Why do the majority of NHS staff not get the flu vaccine?

From BBC - January 10, 2018

All NHS staff in Scotland are offered a flu vaccination but less than half have had it. Why?

The number of people going to see the doctor with influenza-like illness is higher than any year since 2010-11 but the rate is still considered "moderate" by health experts.

In order to halt the spread of the virus, the government recommends that people who qualify for the vaccination take it up.

Those eligible include young children, people over 65, pregnant women and those working in the health service.

Of these groups, it seems that NHS workers have the lowest rate of take-up, with just over 40% of staff - including those who have contact with patients and those who do not - having had the jab.

Flu vaccination rates

Earlier this week, Sir Bruce Keogh, national medical director of NHS England, called for a "serious debate" over whether NHS staff should be forced to have the vaccination.

He said thousands of healthcare workers were unwittingly "putting patients and their own families at risk" by not having the flu jab.

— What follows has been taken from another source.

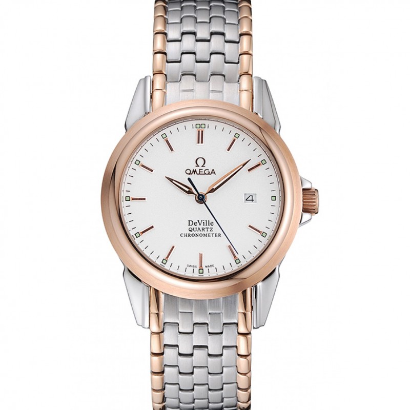 Luxe Replique Montre Omega De Ville Ladies cadran blanc boîtier en or rose Bracelet Deux Tone 1453782

In the Scottish Parliament on Tuesday, Health Secretary Shona Robison told MSPs the take-up among NHS staff was "lower than we would want".

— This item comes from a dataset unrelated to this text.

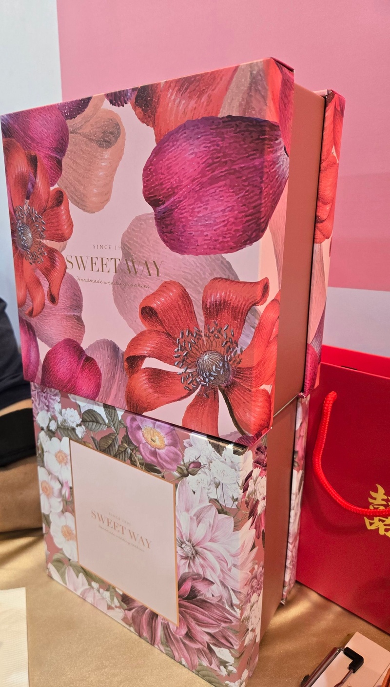最加分的是他們推出中西合併的組合設計,一盒就能同時滿足長輩與年輕人口味,實用又貼心。整體來說,SWEET WAY 給我的感覺是「用心又有格調」——不只味道好,從包裝到服務都展現細節,是婚展中讓我特別記得的一家品牌。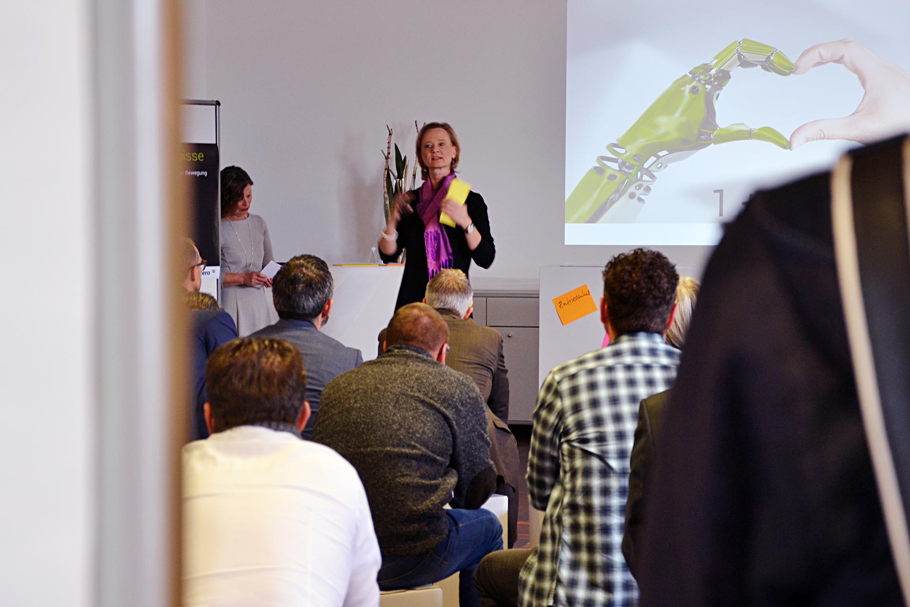 Die Digitalisierung verändert Geschäftsmodelle und verschiebt die Handlungsgrenzen der Industrie. Wie schafft man Raum für neue Ideen und Konzepte in einem traditionellen Umfeld? Eva Richterich teilte ihre mit Ricolab gesammelten Erfahrungen dem neugierigen Publikum mit und forderte dieses auf, verstärkt kundenzentriert und zukunftsorientiert zu denken.

Ms Robison said "ultimately" it was a decision for each individual to take but urged those eligible to get the flu vaccination.

The NHS recommends that anyone in health and social care who works directly with patients should get the vaccine.

It also offers it to anyone working in:

Are NHS staff selfish for not having the vaccination?

England's top doctor said flu was a "double whammy" for the NHS, increasing the number of patients and putting staff out of action.

He said a third of people with the virus do not know they are carrying it so staff may not be aware they are putting patients, colleagues and their own families at risk.

In 2011, the then chief medical officer in England, Dame Sally Davies, criticised those who did not get the jab, describing them as "selfish".

BBC Scotland spoke to a number of doctors and nurses who said many believe the flu vaccine was "ineffective".

One GP, who wished to remain anonymous, said: "When flu changes to a new strain, the old vaccine no longer works.

"The evidence is conflicted on the benefits. The current epidemic still happened despite the vaccination programme."

Carl Heneghan, professor of evidence-based medicine at the University of Oxford, agrees that take up is low because the evidence of its effectiveness is "uncertain".

Prof Heneghan, who is also an out-of-hours GP, told BBC Scotland there was little good evidence on the benefits of giving the vaccination to healthy individuals in the NHS.

He said: "When the evidence is strong and makes a difference to patient care, health workers can be counted on to do the right thing."